Integrals and the Fundamental Theorem of Calculus

(cod: P-67-37-4) The objective of this exercise is to obtain the area of the region \(\mathcal{R}\) bounded by the parabola \(y = x^2\) and the lines \(y = 0\) (axis \(x\)) and \(x=1\), using an exhaustion method.

Fixing a natural number \(n\), we divide the interval \([0,1]\) on the \(x\) axis into \(n\) equal subintervals and then draw vertical segments to divide the region \(\mathcal{R}\) into \(n\) strips. The figure below illustrates the situation for \(n = 5\).

First, we approximate the area of each of the \(n\) strips by the area of a rectangle, whose base lies on the \(x\) axis (measuring \(1/n\)) and whose height is given by the vertical segment coinciding with the right side of the respective strip. The figure below illustrates the situation when \(n = 5\).

We can then approximate the area of \(\mathcal{R}\) by the sum of the areas of the \(n\) rectangles, which we denote by \(S_n\). We have \[\small{\begin{eqnarray*} S_n &=& \frac{1}{n}\left(\frac{1}{n}\right)^2 + \frac{1}{n}\left(\frac{2}{n}\right)^2 + \cdots + \frac{1}{n}\left(\frac{n}{n}\right)^2 \\ & & \\ &=& \dfrac{1}{n^3}\left(1^2 + 2^2 + \cdots + n^2 \right). \end{eqnarray*}} \] Another possibility would be to approximate the area of each strip by the area of a rectangle with base \(\frac{1}{n}\) and height given by the vertical segment coinciding with the left side of the strip (note that the first rectangle will have zero height, so its area will also be zero). The figure shows the situation when \(n = 5\):

We can then approximate the area of \(\mathcal{R}\) by the sum of the areas of the \(n\) rectangles, which we denote by \(s_n\). We have \[\small{\begin{eqnarray*} s_n &=& \frac{1}{n}\left(\frac{0}{n}\right)^2 + \frac{1}{n}\left(\frac{1}{n}\right)^2 + \cdots + \frac{1}{n}\left(\frac{n-1}{n}\right)^2 \\ & & \\ &=& \dfrac{1}{n^3}\left(1^2 + 2^2 + \cdots + (n-1)^2 \right). \end{eqnarray*}} \] It is possible to verify that the approximations \(A(\mathcal{R}) \approx S_n\) and \(A(\mathcal{R}) \approx s_n\) improve as we increase the value of \(n\), as suggested by the animations below:

First, note that for each \(n \in \mathbb{N}\), we have \[s_n \leq A(\mathcal{R}) \leq S_n.\] Now, using the expressions for \(s_n\) and \(S_n\) described above, verify that \(s_n\) and \(S_n\) tend to the same real number as \(n\) tends to infinity. We then define \(A(\mathcal{R})\) as being equal to this number. Select the correct option:

(cod: P-67-38-6) The objective of this exercise is to explore the concept of definite integrals.

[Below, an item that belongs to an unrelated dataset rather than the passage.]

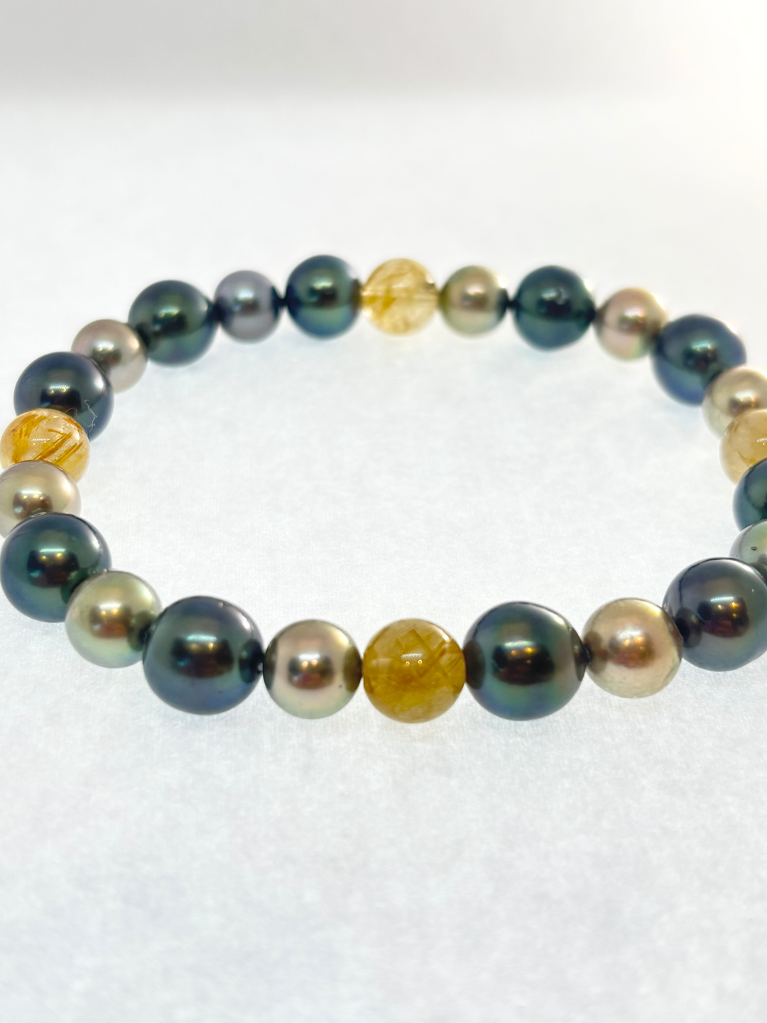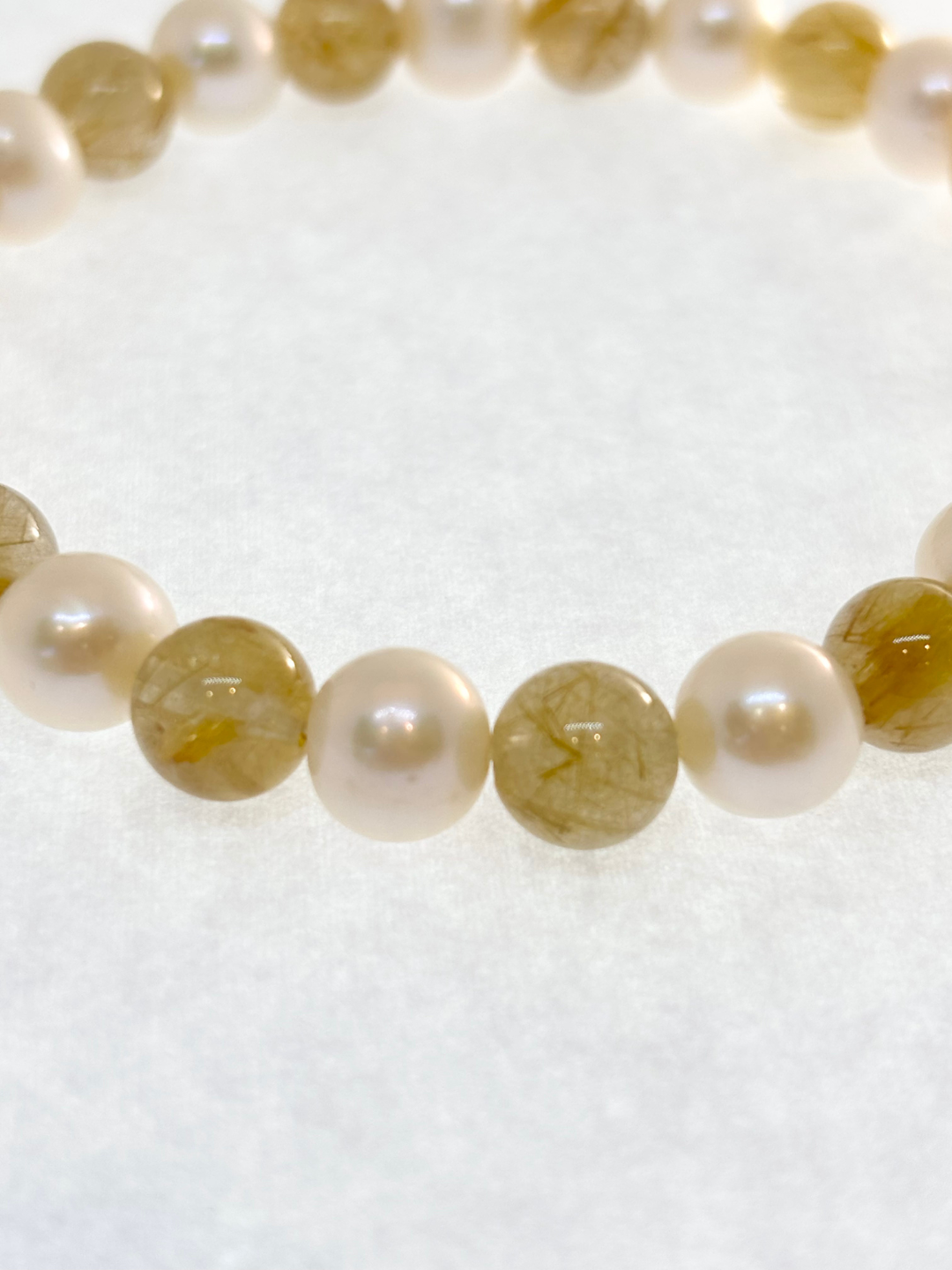 南洋パール × ルチルクォーツ ×アコヤパールブレスレット

Consider a function \(f\) defined on an interval \([a,b]\). A partition of the interval \([a,b]\) is a division of \([a,b]\) into subintervals. More precisely, a partition is obtained by choosing points \[\small{a = x_0 < x_1 < x_2 < \cdots < x_{n-1} < x_n = b},\] such that the interval \([a,b]\) is divided into \(n\) subintervals \[ [x_0,x_1], [x_1,x_2], \dots, [x_{n-1},x_n]. \] In each subinterval of the partition, we choose a sample point. For \( i \in \{1,2,\dots,n\}\), we denote the \(i\)-th sample point by \[x_i^* \in [x_{i-1},x_i]\] and denote the length of the \(i\)-th subinterval by \[\Delta x_i = x_i - x_{i-1}\]. Given these choices, we then have a Riemann sum for \(f\) given by \[\small{f(x_1^*)\Delta x_1 + f(x_2^*)\Delta x_2 + \cdots + f(x_n^*) \Delta x_n},\] or, using sigma notation, \[\sum_{i=1}^n f(x_i^*) \Delta x_i.\] The figure below illustrates the situation with \(n = 6\). In it, the bases of the rectangles represent the subintervals of the partition (we do not display the points \(x_1, x_2, \dots, x_n\) of the partition, only the sample points).

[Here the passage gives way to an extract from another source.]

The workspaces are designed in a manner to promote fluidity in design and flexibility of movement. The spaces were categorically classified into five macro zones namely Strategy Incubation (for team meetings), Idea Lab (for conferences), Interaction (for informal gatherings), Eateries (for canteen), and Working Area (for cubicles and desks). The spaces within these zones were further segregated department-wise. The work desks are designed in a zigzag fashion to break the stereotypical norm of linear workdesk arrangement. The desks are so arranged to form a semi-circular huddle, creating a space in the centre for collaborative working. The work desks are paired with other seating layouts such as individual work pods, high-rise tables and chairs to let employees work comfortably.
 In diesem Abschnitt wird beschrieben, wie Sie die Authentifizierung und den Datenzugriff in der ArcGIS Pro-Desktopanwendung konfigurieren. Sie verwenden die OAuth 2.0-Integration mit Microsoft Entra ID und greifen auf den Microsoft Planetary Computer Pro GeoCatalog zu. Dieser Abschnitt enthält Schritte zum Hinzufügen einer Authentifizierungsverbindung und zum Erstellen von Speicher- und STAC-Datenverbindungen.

In the example above, each of the first four terms of the Riemann sum represents the area of a blue rectangle, while the last and penultimate terms are negative (since \(f\) is negative at the last two sample points), and the value of each of these terms is obtained by multiplying the area of a pink rectangle by \((-1)\).

We say that \(f\) is integrable on the interval \([a,b]\) if there exists a number \(L\) such that \[ \lim\limits_{\text{max } \Delta x_i \to 0} \sum_{i=1}^n f(x_i^*) \Delta x_i = L,\] where this limit means that we can make a Riemann sum as close as we want to \(L\), regardless of the choice of sample points, provided that the maximum length of the subintervals of the partition is sufficiently small. In this case, we say that the definite integral of \(f\) from \(a\) to \(b\) is equal to \(L\). We use the notation \(\int_a^b f(x) \, dx\) to represent this integral, so that \[\int_a^b f(x) \, dx = \lim\limits_{\text{max } \Delta x_i \to 0} \sum_{i=1}^n f(x_i^*) \Delta x_i.\]

There is an important theorem that guarantees that if \(f\) is continuous on \([a,b]\), then \(f\) is integrable on \([a,b]\).

Given \(f\) as a continuous function on \([a,b]\) (hence integrable), we can approximate the value of the integral of \(f\) by systematically taken Riemann sums. For each \(n \in \mathbb{N}\), let us take a regular partition of \([a,b]\) into \(n\) subintervals of equal length \(\Delta x = \dfrac{b-a}{n}\). Note that \(\Delta x \longrightarrow 0\) as \(n \longrightarrow + \infty\). Thus, regardless of the choice of sample points, we have that \[\int_a^b f(x) \, dx = \lim\limits_{n \to + \infty} \sum_{i=1}^n f(x_i^*) \Delta x.\] Of course, once a regular partition is fixed, there are numerous distinct ways to choose sample points. Some common choices include, for example, taking the midpoint of each subinterval as the sample point. In the animation below, which illustrates the process as \(n\) increases, we use the right endpoint of each subinterval as the sample point. For this choice, the associated Riemann sum is called the right Riemann sum.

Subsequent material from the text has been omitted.